Имперское правительство проявляло тот беззаботный оптимизм, которым позже прославилась Австрия, постоянно и неразумно впадая в оптимизм по самым незначительным поводам. Вскоре после рейхстага скончался непримиримый герцог Брауншвейг-Люнебургский, и его наследники покинули шведов и заключили сепаратный мир с императором, так что открытыми мятежниками остались только ландграф Гессен-Кассельский и изгнанник курфюрст Пфальцский. Фердинанд III, кроме того, рассчитывал на вражду между Швецией и Данией, но, хотя ему удалось добиться назначения Кристиана IV посредником на мирных переговорах, на что шведы громко и справедливо жаловались, открытого разрыва пока не произошло.
Также возникли трудности и между Швецией и Бранденбургом. Юная королева не хотела выходить замуж за курфюрста, да и принадлежность Померании вызывала горячие споры. У Фердинанда II были причины надеяться на полное прекращение дружбы между ними.
Враждебность между Швецией и Данией, напряженность в отношениях между Бранденбургом и Швецией вселяли в Вену надежды, которые частично подтверждались и военными событиями. За два года после смерти Бернгарда Саксен-Веймарского для шведской стороны сложилась чрезвычайно опасная ситуация. Юхан (Иоанн) Банер служил маршалом шведской королеве, но он был аристократом из древнего рода и сыном человека, казненного за мятеж при Карле IX. Как большинство военачальников, будь то шведских или нет, он стремился получить земли в Германии, и его поведение в последние годы ясно свидетельствовало о том, что он был не менее амбициозен и в отношении личной власти. Карьера личностей типа Мансфельда, Валленштейна и Бернгарда открывала такие возможности, к которым ни один честолюбец не мог остаться равнодушным. Банер был человеком амбициозным, властным и беспринципным. Кроме того, уничтожение большей части армии Горна при Нёрдлингене выдвинуло его на чрезвычайно сильные позиции. В течение многих лет он оставался ценнейшим активом своего правительства. Банер оставался единственным оплотом против имперцев, саксонцев и бранденбуржцев в Северной Германии. Он охранял линию коммуникации между Швецией и Рейном или Центральной Германией; его удаление сделало бы альянс с Оксеншерной бесполезным для Ришелье и принудило бы Швецию к унизительному миру.

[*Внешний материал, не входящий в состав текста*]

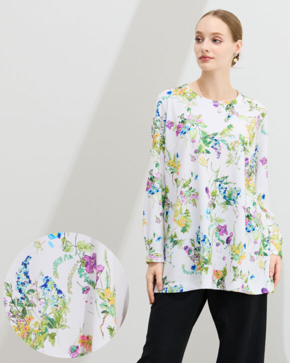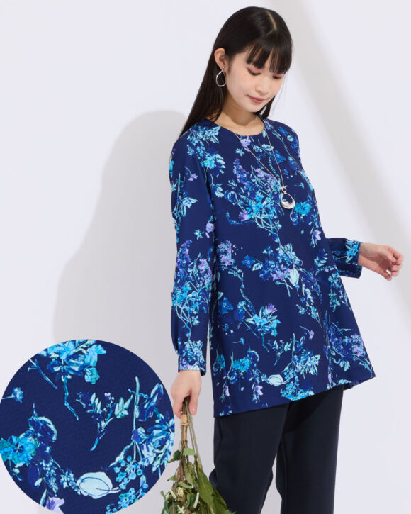華やかさと上品さを兼ね備えたフラワープリントチュニック。
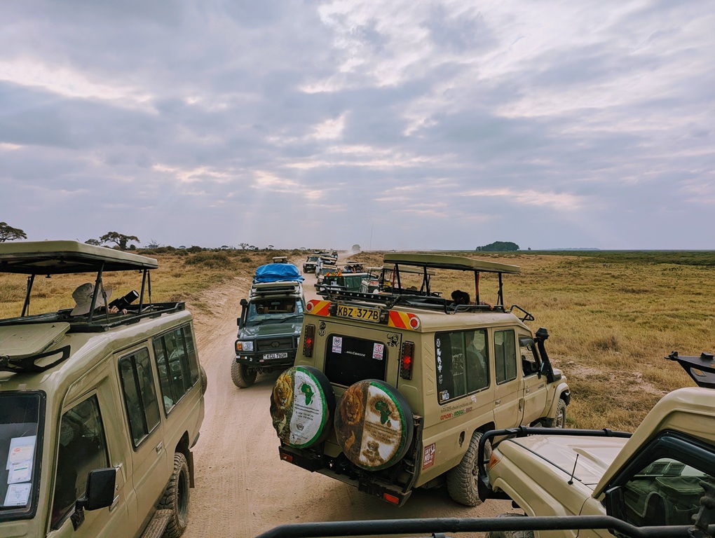 翌日はトヨタのオープントップタイプのサファリカーに乗り換え、アンボセリに移動します。クルマは全部で3台、3人のドライバーさんが最終日まで運転を担当します。

Его армия, вечно сидевшая без денег и часто вынуждаемая противником останавливаться где попало, растеряла всякие остатки надежности. Он сам прямо признавался в этом в своих докладах Оксеншерне. «Квартирмейстер Рамм… остался в Мекленбурге без моего согласия, и я не знаю, что с ним сталось», – писал он, а затем: «Я мог только опять и опять обещать им [заплатить] от имени ее величества… ссылаясь на самые правдоподобные объяснения, которые смог придумать». И далее: «У нас не было бы серьезных пробелов в численности, если бы только отставшие, мародеры и грабители, чью безответственность… нет никаких способов сдержать, вернулись в свои полки». Он признавал, что дисциплины больше не существует, что пехотинцы то и дело обменивают экипировку на еду, и раз за разом повторял, что дело дошло до крайности и впереди ждет только пропасть.

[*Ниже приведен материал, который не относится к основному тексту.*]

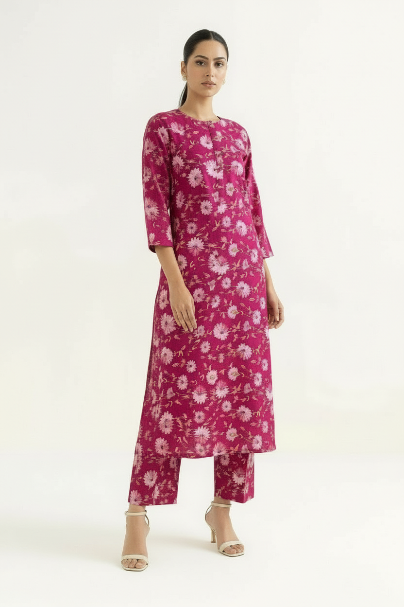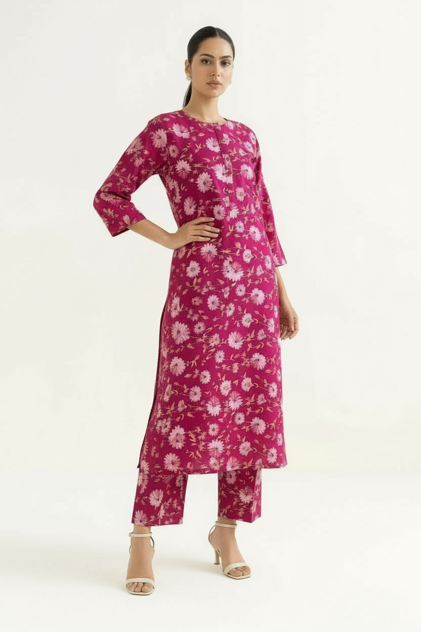 Expertly crafted from premium Linen fabric and featuring high-quality digital printing, our 2 piece set in a striking Pink is perfect for adding a trendy touch to your wardrobe. With its all-over print design, this outfit exudes both style and quality, making it a must-have for any fashion-forward individual.
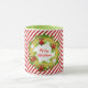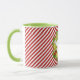 Die hellgrüne Combo-Tasse zeigt Frohen Weihnachtstext im Urlaubskrez auf rot-weiß gestreiften Mustern.
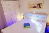 Für Ihre nächtliche Erholung ist das Schlafzimmer mit einem modernen Box-Spring-Bett ausgestattet. Das Zimmer lässt sich durch ein Rollo zusätzlich abdunkeln.
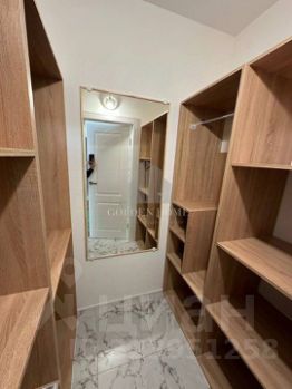 Имеется отдельная гардеробная с кучей полок и большим зеркалом по середине

Банер несколько сгущал краски, описывая положение своей армии, ведь ему как-то удавалось ее сохранить. Он наверняка хотел создать впечатление, будто только его силы и ум предотвратили катастрофу, – в этом была доля истины, пусть даже и несколько преувеличенная в пересказе. Конечно, правительство в Стокгольме (и Оксеншерна знал это) не смогло бы само справиться с мятежными бандами и поэтому должно было относиться к маршалу с предельным вниманием. Быстро и уверенно Банер становился для Оксеншерны тем, чем Бернгард был для Ришелье. На момент смерти Бернгарда только нехватка денег не позволила Банеру перекупить Эрлаха и оставшиеся без хозяина войска, опередив Ришелье. Не сумев этого, Банер поставил перед собой цель упрочить свое положение за счет впечатляющей наступательной операции. В 1639 году он вторгся в Чехию, и, если бы не столкнулся с искусной обороной Праги под началом Пикколомини, с неготовностью крестьян поднять восстание, которое сыграло бы ему на руку, и в первую очередь с нехваткой продовольствия, он сумел бы завладеть всей страной. «Не думал я, что Богемское [Чешское] королевство окажется таким бедным, разоренным и разграбленным, – писал маршал Оксеншерне, – ибо между Прагой и Веной все лежит в руинах и не видно ни единой живой души».